00:14:13.600 | the Tesla, what we call the FSD computer,

00:14:17.120 | that's now in production.

00:14:20.640 | So, if you order any Model S or X,

00:14:24.280 | or any Model 3 that has the full self-driving package,

00:14:28.240 | you'll get the FSD computer.

00:14:29.760 | That's important to have enough base computation.

00:14:35.840 | Then refining the neural net and the control software,

00:14:38.840 | but all of that can just be provided as an over-the-air update.

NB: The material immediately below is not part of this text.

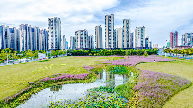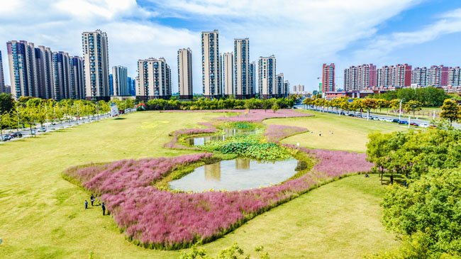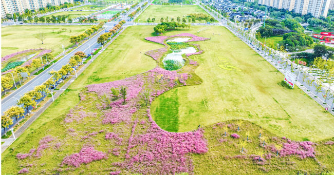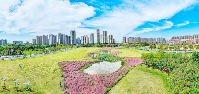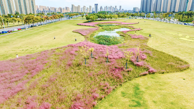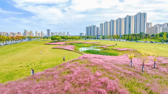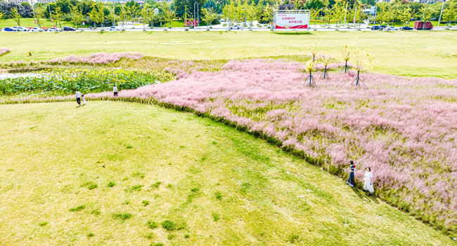 2023年10月1日,蘇宿工業(yè)園區(qū)蘇州公園北側綠地的粉黛亂子草盛開了,一片片粉色花海如夢似幻,吸引游人前來觀賞,樂享國慶假期。

00:14:42.840 | The thing that's really profound,

00:14:45.720 | and what I'll be emphasizing at the,

00:14:48.240 | sort of that investor day that we're having

00:14:51.960 | focused on autonomy,

00:14:53.320 | is that the cars currently being produced,

00:14:56.120 | or the hardware currently being produced,

00:14:58.200 | is capable of full self-driving.

00:15:01.000 | - But capable is an interesting word, because--

00:15:04.240 | - Like the hardware is.

00:15:05.920 | And as we refine the software,

00:15:07.560 | the capabilities will increase dramatically,

00:15:11.760 | and then the reliability will increase dramatically,

00:15:14.000 | and then it will receive regulatory approval.

00:15:16.200 | So, essentially, buying a car today

00:15:17.680 | is an investment in the future.

00:15:19.160 | You're essentially buying,

00:15:20.480 | I think the most profound thing is that

00:15:26.280 | if you buy a Tesla today,

00:15:27.800 | I believe you are buying an appreciating asset,

00:15:30.480 | not a depreciating asset.

00:15:33.120 | - So, that's a really important statement there,

00:15:35.320 | because if hardware is capable enough,

00:15:37.800 | that's the hard thing to upgrade, usually.

00:15:40.560 | So, then the rest is a software problem.

00:15:44.600 | - Software has no marginal cost, really.

00:15:47.940 | But, what's your intuition on the software side?

00:15:51.460 | How hard are the remaining steps

00:15:54.620 | to get it to where

00:15:57.700 | the experience, not just the safety,

00:16:03.940 | but the full experience,

00:16:05.740 | is something that people would enjoy?

00:16:09.260 | - I think people enjoy it very much so, on the highways.

00:16:12.820 | It's a total game changer for quality of life.

00:16:16.780 | For using Tesla autopilot on the highways.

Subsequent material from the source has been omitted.